Referring to FIG. 4, a preferred embodiment of the metal assist structure 22 is a sandwich of an adhesion layer 26, a first refractory metal layer 28, a primary conductor layer 30, and a second refractory metal layer 32. The adhesion layer 26 promotes the bonding of the metal assist structure 22 to the glass panel 10 and transparent electrode 12. It can include any electrically conductive metal or alloy that can bond to the glass panel 10, transparent electrode 12, and first refractory metal layer 28 without forming stresses that may cause the adhesion layer 26 or any of the other layers to peel away from these structures. Suitable metals include Cr, V, and Ti. Cr is preferred because it evaporates easily and provides good adhesion. Preferably, the adhesion layer 26 will be only as thick as needed to form a stable bond between the structures it contacts. For example, the adhesion layer 26 can be about 10 nm to about 20 nm thick. If the first refractory metal layer 28 can form stable, low stress bonds with the glass panel 10 and transparent electrode 12, the adhesion layer 26 may not be needed. In that case, the metal assist structure 22 can have only three layers: the two refractory metal layers 28, 32 and the primary conductor layer 30.
The refractory metal layers 28, 32 protect the primary conductor layer 30 from oxidation and prevent the primary conductor layer from diffusing into the first dielectric layer 14 and phosphor layer 16 when the display is annealed to activate the phosphor layer as described below. Therefore, the refractory metal layers 28, 32 should include a metal or alloy that is stable at the annealing temperature, can prevent oxygen from penetrating the primary conductor layer 30, and can prevent the primary conductor layer 30 from diffusing into the first dielectric layer 14 or the phosphor layer 16. Suitable metals include W, Mo, Ta, Rh, and Os. Both refractory metal layers 28, 32 can be up to about 50 nm thick. Because the resistivity of the refractory layer can be higher than the resistivity of the primary conductor 30, the refractory layers 28, 32 should be as thin as possible to allow for the thickest possible primary conductor layer 30. Preferably, the refractory metal layers 28, 32 will be about 20 nm to about 40 nm thick.
The primary conductor layer 30 conducts most of the current through the metal assist structure 22. It can be any highly conductive metal or alloy such as Al, Cu, Ag, or Au. Al is preferred because of its high conductivity, low cost, and compatibility with later processing. The primary conductor layer 30 should be as thick as possible to maximize the conductivity of the metal assist structure 22. Its thickness is limited by the total thickness of the metal assist structure 22 and the thicknesses of the other layers. For example, the primary conductor layer 30 can be up to about 200 nm thick. Preferably, the primary conductor layer 30 will be about 50 nm to about 180 nm thick.

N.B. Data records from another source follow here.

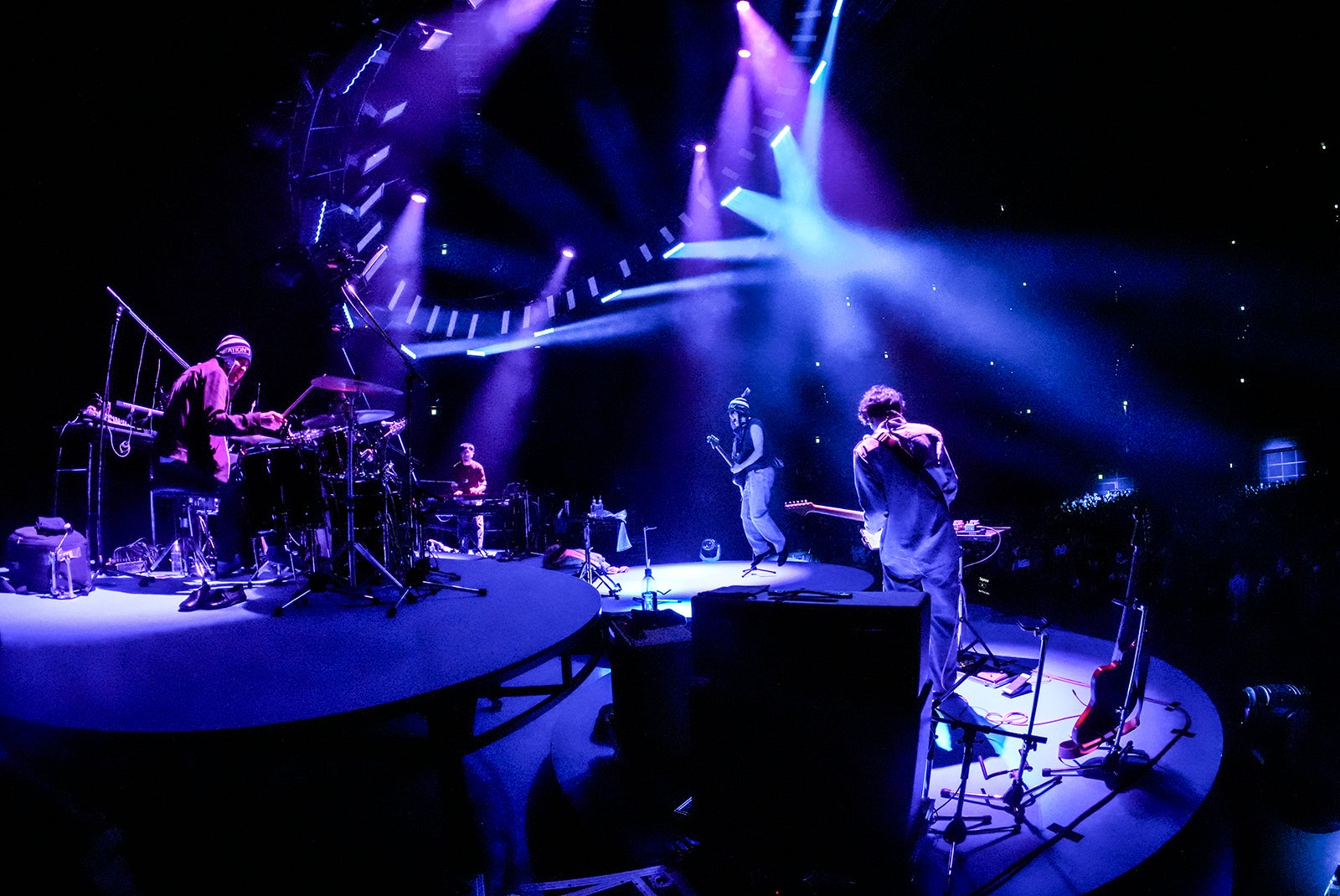 あいみょんが作詞・作曲を手掛けた「キスだけで」では、1番の女性目線のパートを柔らかく丸みのある声で、2番の男性目線のパートでは表情を引き締め、骨太な声で歌い分ける。1曲の中で別人格を行き来するかのようなその表現は、まさに俳優・菅田将暉の真骨頂といえる表現力の賜物であった。また、ライブ中盤に披露した「I’m in shock!!」では、グッズのニット帽をかぶり、上裸姿で登場。カラフルな照明の下、音楽に身を委ねながら自由にステージを楽しむ姿でファンを惹き込んだ。
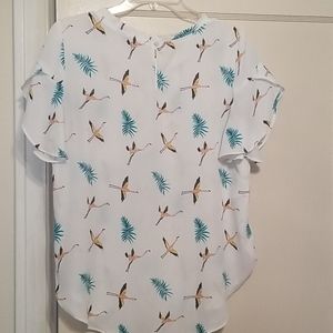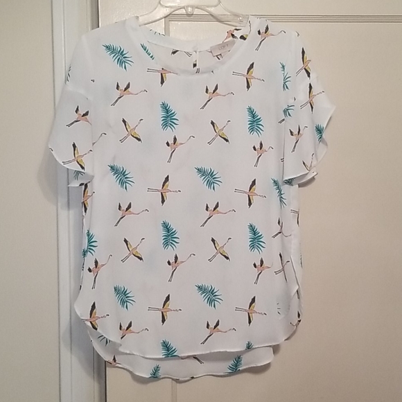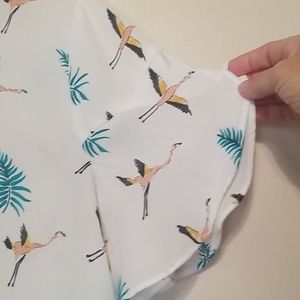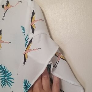 Cute ruffle sleeve top with flamingos and palm leaf design. Side slits and button closure in back. Made of 100% polyester.
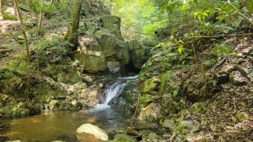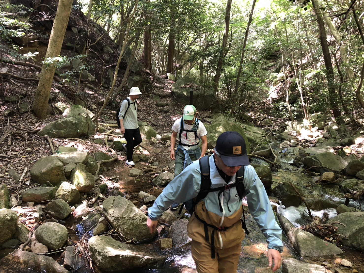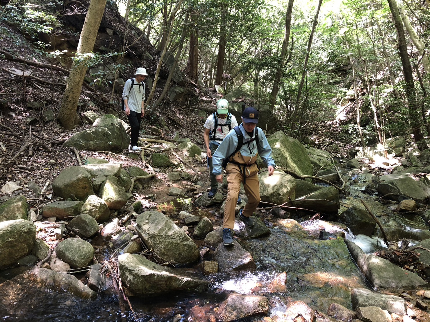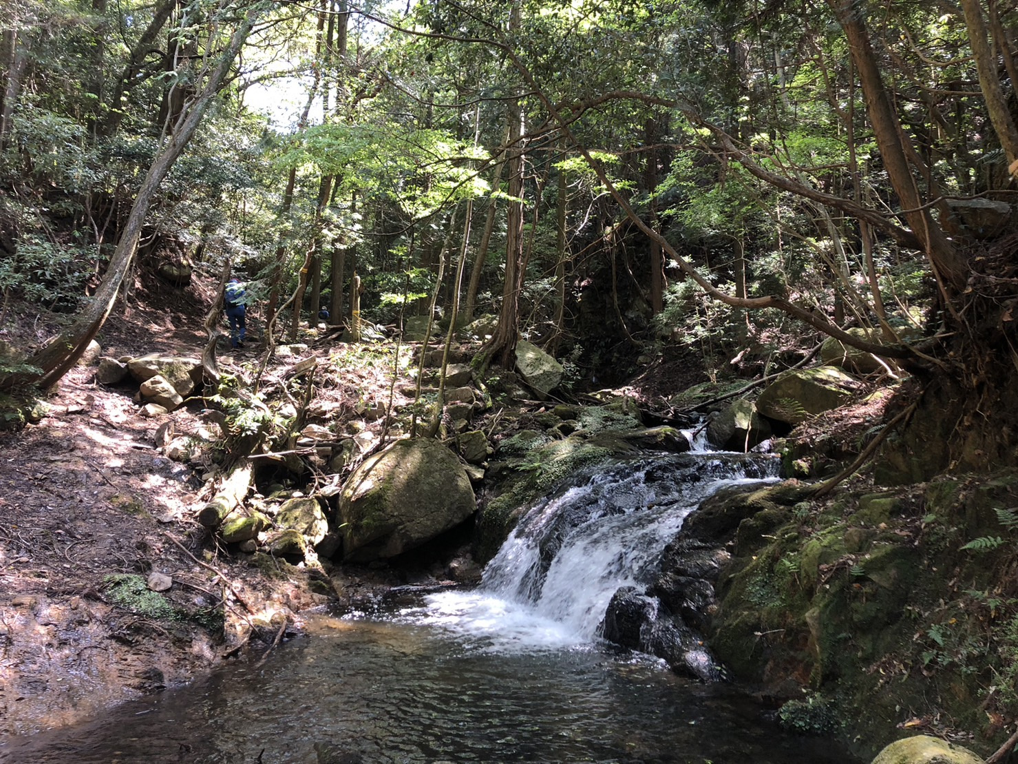 沢渡りは滑るのを恐れながら渡り、何とか摩耶山
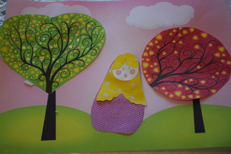 1. Вырезали матрёшку,деревья,приклеили на фон![]()
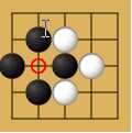 Players are not allowed to make a move that returns the game to the position before the opponent's last previous move. This rule, called the ko rule, prevents unending repetition.<ref>Sensei's Library. "Ko". Archived from the original. Template:Citation error. http://senseis.xmp.net/?Ko. Retrieved on 2007-12-20. </ref> See the example to the right: Black has just played the stone marked 1, capturing a white stone at the intersection marked with a circle. If White were now allowed to play on the marked intersection, that move would capture the black stone marked 1 and recreate the situation before Black made the move marked 1. Allowing this would result in an unending cycle of captures by both players. The ko rule therefore prohibits White from playing at the marked intersection. Instead White must play elsewhere; Black can then end the ko by filling at the marked intersection, creating a five-stone Black chain. If White wants to continue the ko, she will try to find a play that Black must answer; if Black answers, then White can retake the ko. A repetition of such exchanges is called a ko fight.<ref>Sensei's Library. "Basics On Ko's". Archived from the original. Template:Citation error. http://senseis.xmp.net/?path=KoFighting&page=BasicsOnKos. Retrieved on 2007-12-20. </ref>
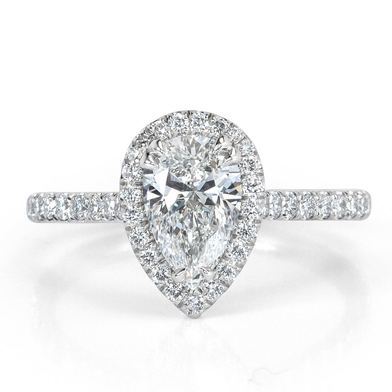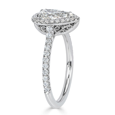 This pear shaped diamond halo engagement ring is stunning and of a great value! The centerpiece features a 1.03ct pear shaped diamond GIA certified at F-VS2. It is brilliantly colorless, perfectly eyeclean and measures at an incredible proportion of 8.94 x 5.53 mm. The mesmerizing one carat center diamond is beautifully accented by sparkling round brilliant cut diamonds set in a micropave setting around it in the halo as well as the sides. The underbasket is handcrafted with an intricately detailed filigree basket design which makes this piece extraordinarily unique. This piece is made in a luxurious platinum setting. It is a classic that she will cherish forever!
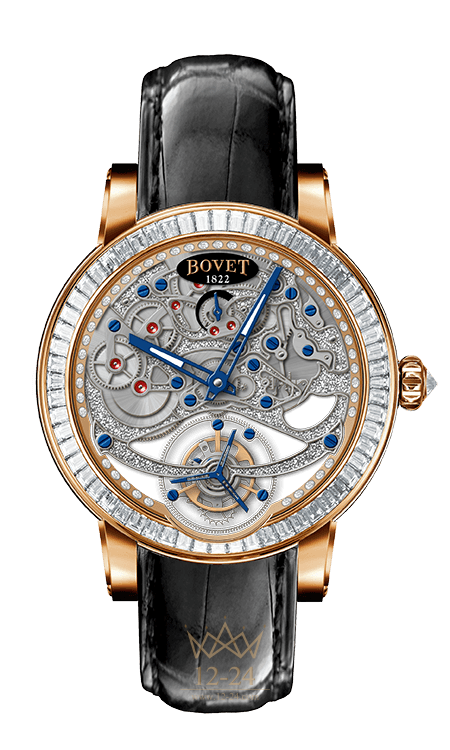 Отделка бриллиантами — безель с 68 бриллиантами багетной огранки (~3,15 карата) и внутренний безель с 45 бриллиантами круглой огранки (~0,28 карата).
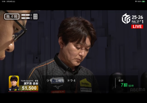 まさか4枚目のドラをツモって来るとは、、、
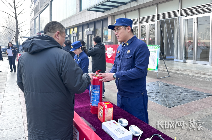 消防救援人员为群众讲解消防器材的使用方法。通讯员 白凤 摄
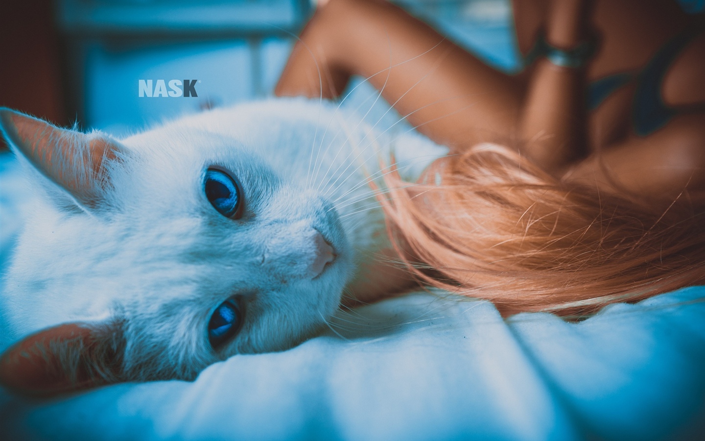 Cat and girl, bed 1440x900 Wallpaper
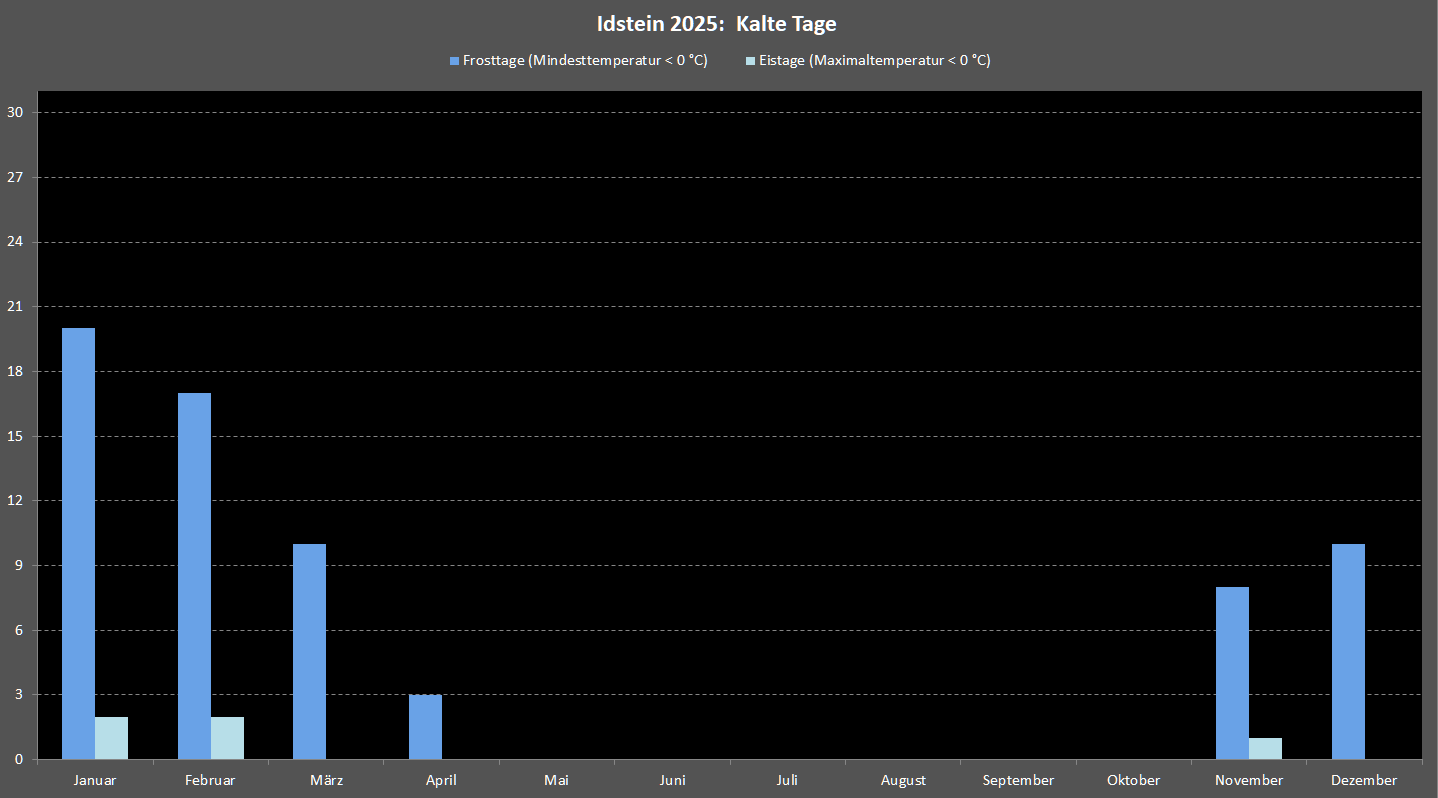 Zunächst die Frosttage und als Untermenge davon die noch kälteren Eistage. Zum besseren Verständnis der Darstellung:

The TFEL display of the present invention can be made by any method that forms the desired structures. The transparent electrodes 12, dielectric layers 14, 18, phosphor layer 16 and metal electrodes 20 can be made with conventional methods known to those skilled in the art. The metal assist structure 22 can be made with an etch-back method, a lift-off method, or any other suitable method.
The first step in making a TFEL display like the one shown in FIG. 2 is to deposit a layer of a transparent conductor on a suitable glass panel 10. The glass panel can be any high temperature glass that can withstand the phosphor anneal step described below. For example, the glass panel can be a borosilicate glass such as Corning 7059 (Corning Glassworks, Corning, N.Y.). The transparent conductor can be any suitable material that is electrically conductive and has a sufficient optical transmittance for a desired application. For example, the transparent conductor can be ITO, a transition metal semiconductor that comprises about 10 mole percent In, is electrically conductive, and has an optical transmittance of about 85% at a thickness of about 200 nm. The transparent conductor can be any suitable thickness that completely covers the glass and provides the desired conductivity. Glass panels on which a suitable ITO layer has already been deposited can be purchased from Donnelly Corporation (Holland, Mich.). The remainder of the procedure for making a TFEL display of the present invention will be described in the context of using ITO for the transparent electrodes. One skilled in the art will recognize that the procedure for a different transparent conductor would be similar.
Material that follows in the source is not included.